The Symmetry Group of {14,3}

The rotational symmetry group is the Frobenius group of order 42, C7⋊C6, with elements of orders 1.2⁷.3¹⁴.6¹⁴.7⁶. Thus it has no symmetries of order 14.

This may seem surprising, as the faces have 14 sides. What happens when we rotate one of the 14-sided faces?

We find that this is not possible. We cannot rotate the polyhedron in such a way as to rotate one of its 14-sided faces by 1/14 of a turn (1/7 of a turn is no problem). Here is what happens if we try.

Start by labelling the vertices of the map from 0 to 13, in order as we follow the perimeter of a 14-sided face. Now recall that we have described the map as "regular", so by our definition it must be half-edge transitive, so it must be possible to rotate it so as to move the edge now labelled 0-1 to where the edge 1-2 was. We might expect that the edge 1-2 would in turn move to where 2-3 was, and so on. But see what does happen to the other edges as we do this. We find we have permuted the vertices: (0 1 2 7 6 5)(3 8 11 4 13 10)(9 12), and thus the edges: (0-1 1-2 2-7 7-6 6-5 5-0) (2-3 7-8 6-11 5-4 0-13 1-10) (3-4 8-13 11-10 4-3 13-8 10-11) (8-9 11-12 4-9 13-12 10-9 3-12). These permutations have order 6.

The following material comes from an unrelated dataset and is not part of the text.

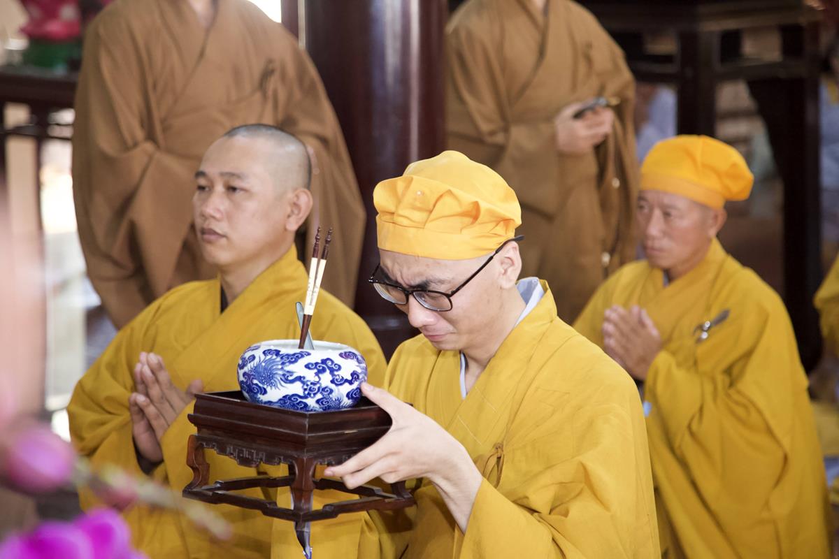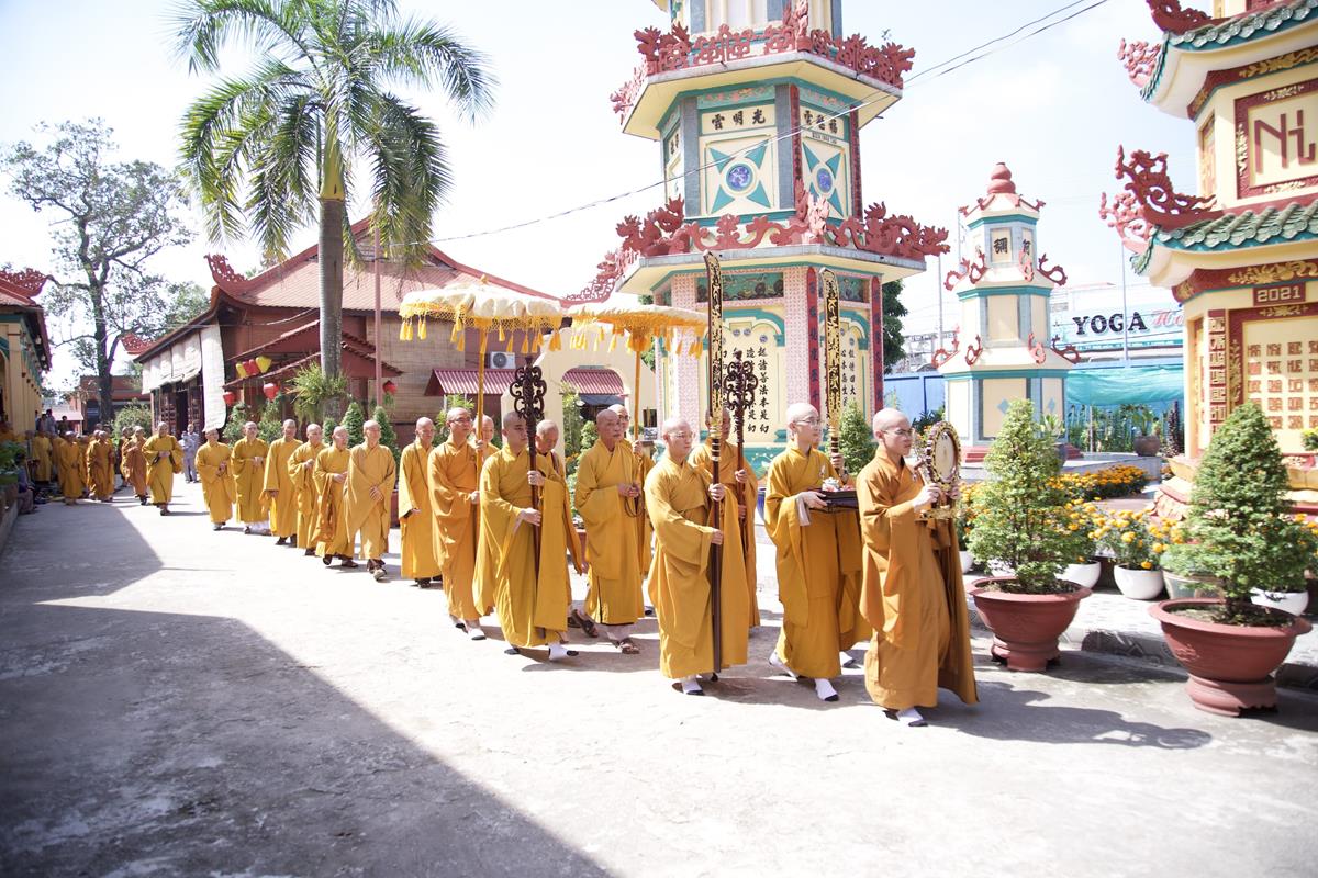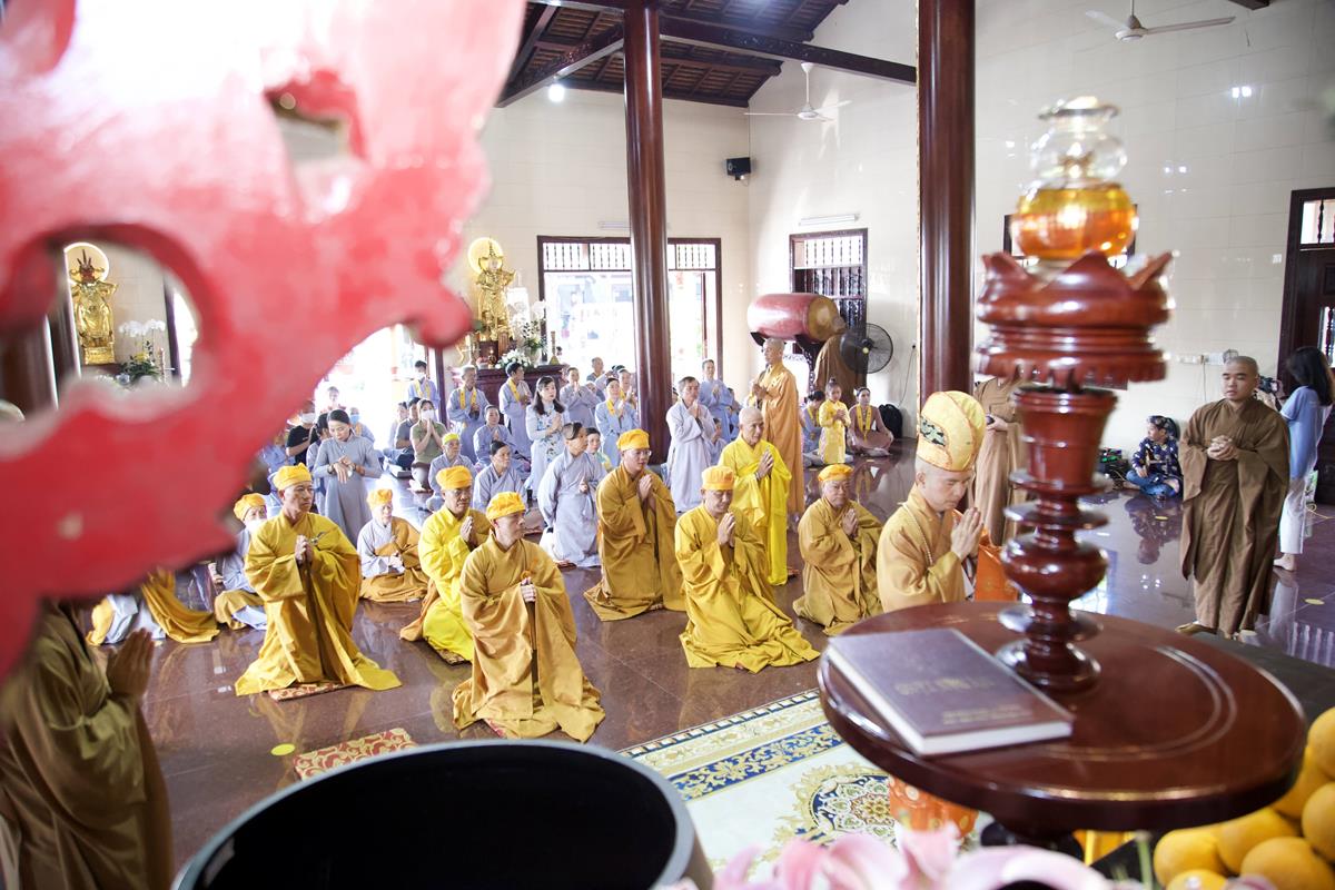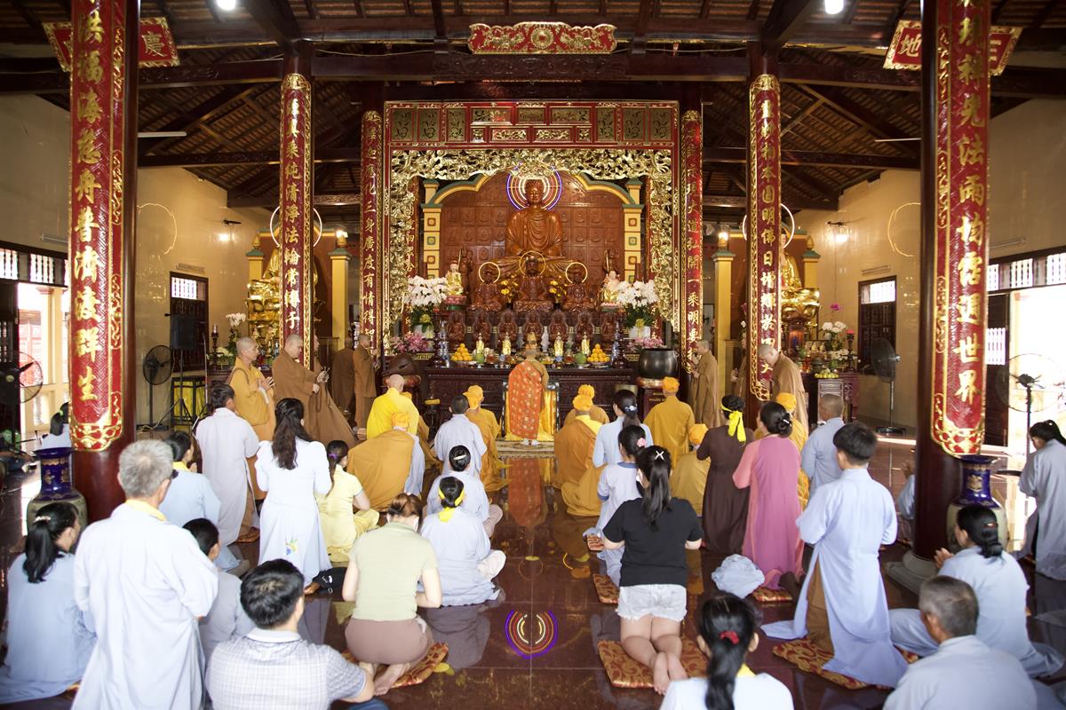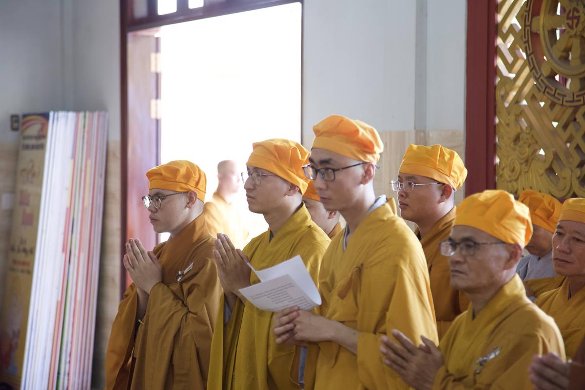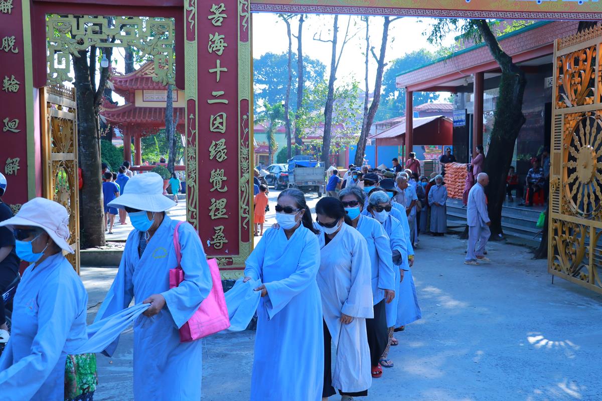 Chư Tôn đức Ban Trị sự GHPGVN tỉnh Long An, Ban Trị sự GHPGVN huyện Đức Hòa, huyện Đức Huệ cùng chư Tôn đức sơn môn pháp phái Tổ đình Linh Nguyên, đại diện các cấp lãnh đạo chính quyền quang lâm Giác linh đường thắp hương tưởng niệm công đức một đời cống hiến cho Đạo pháp – Dân tộc của cố Hóa thượng sau đó quang lâm về Trai đường chứng minh khóa lễ cúng dường trai tăng.

How is this impossibility of mapping a face to itself compatible with the claim that the symmetries of the polyhedron are face-transitive? Observe that the faces' 14 vertices are all 14 vertices of the whole polyhedron. This means that any permutation whatever of the vertices of the polyhedron must fix all the faces; so we do indeed have face-transitivity.

Relationship to {7,3}

{14,3} can be obtained from {7,3} as described at Rotating S3:{7,3}.